Por su parte, Verdross, criticando lo que denomina la doctrina del “pacto tácito” sostiene que se ve refutada “por el hecho de que los Estados invocan con frecuencia reglas que ellos mismos, o el Estado del que exigen algo, no han practicado todavía. Tampoco los tribunales arbitrales, al verse ante normas del derecho consuetudinario, se han preguntado, por lo general, si las partes en litigio las habrían observado ya; lo que, en cambio, les interesaba era saber si la norma en cuestión se apoyaba en la conciencia jurídica general y fue aplicada por los Estados que hasta entonces estuvieron en situación de aplicarla. Aboga en favor de esta doctrina el citado artículo 38, apartado b), del Estatuto del TIJ, que a diferencia de lo que ocurre en el apartado a), que exige de las normas contractuales que hayan sido reconocidas expresamente por las partes, se limita, para las normas consuetudinarias, a que haya una práctica general fundada en la conciencia de su obligatoriedad (…). Por eso el DIP consuetudinario vincula también los Estados que al surgir no existían todavía” (Verdross, 1957).

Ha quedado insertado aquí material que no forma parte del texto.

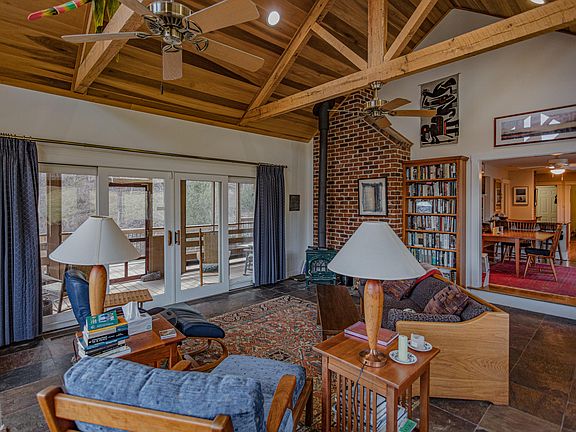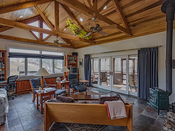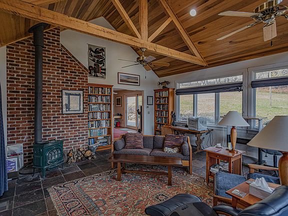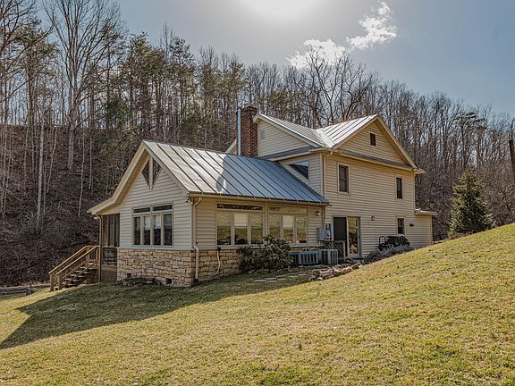 Classic farm house situated on 11 acres of southern sloping property in the scenic Kerrs Creek area of Rockbridge County offers a tremendous opportunity for a pastoral lifestyle. Enjoy relaxing living spaces indoors and outdoors including large great room with exposed timber frame vaulted ceiling, wood stove, and an abundance of windows for natural light. Front screened in porch and rear patio are ideal for peace and quiet and absorbing the sounds of nature. Several outbuildings offer storage and utility including an oversized detached garage/workshop. Surrounding land offers opportunities for stunning mountain views.

Hasta ahí la opinión de Verdross puede considerarse en sí misma coherente, independientemente de compartirla o no. Ahora bien, esta argumentación parece perder fuerza cuando inmediatamente agrega: “…si el nacimiento de una norma consuetudinaria general no presupone que todos los Estados la hayan practicado, no puede nacer un derecho consuetudinario general en contra de la conciencia jurídica de un país civilizado.” (Verdross, 1957). En otras palabras, mientras por un lado descarta la necesidad del consentimiento estatal, por el otro lado afirma la imposibilidad de que nazca la norma consuetudinaria contra la conciencia jurídica de un Estado, dando entrada a la teoría del objetor persistente, y citando en su apoyo diversos fallos internacionales, entre los cuales se encuentra el de las Aguas Territoriales noruegas (Verdross, 1957). En este grupo, también se encuentra el argentino , quien sostiene “que el poder legislativo del derecho de gentes reside en la comunidad internacional, pero que se trata de un poder difuso, por cuanto dicha comunidad carece de órganos centrales que lo ejerciten. Entendemos que, sin embargo, ciertos órganos son tácitamente reconocidos por la comunidad entera como voceros: la Corte Internacional de Justicia(1) es uno de ellos, la Asamblea General de Naciones Unidas(2) es otro, acaso también la doctrina. Cuando la costumbre llega a esa etapa, los Estados que no participaron en su formación la deben aceptar obligatoriamente. Prueba de ello es lo sucedido con los Estados surgidos de la descolonización, que debieron aceptar la generalidad de las costumbres ya establecidas, aunque consiguieron la revisión de algunas de ellas invocando razones importantes. Esta aceptación no implica un consentimiento libremente otorgado; acaso aquí exista la convicción entre los nuevos obligados de que se está actuando de acuerdo con una norma de derecho obligatoria, a través del sentimiento de que se debe obedecer lo que acepta la generalidad de los Estados miembros de la comunidad internacional.(Barboza, 2008).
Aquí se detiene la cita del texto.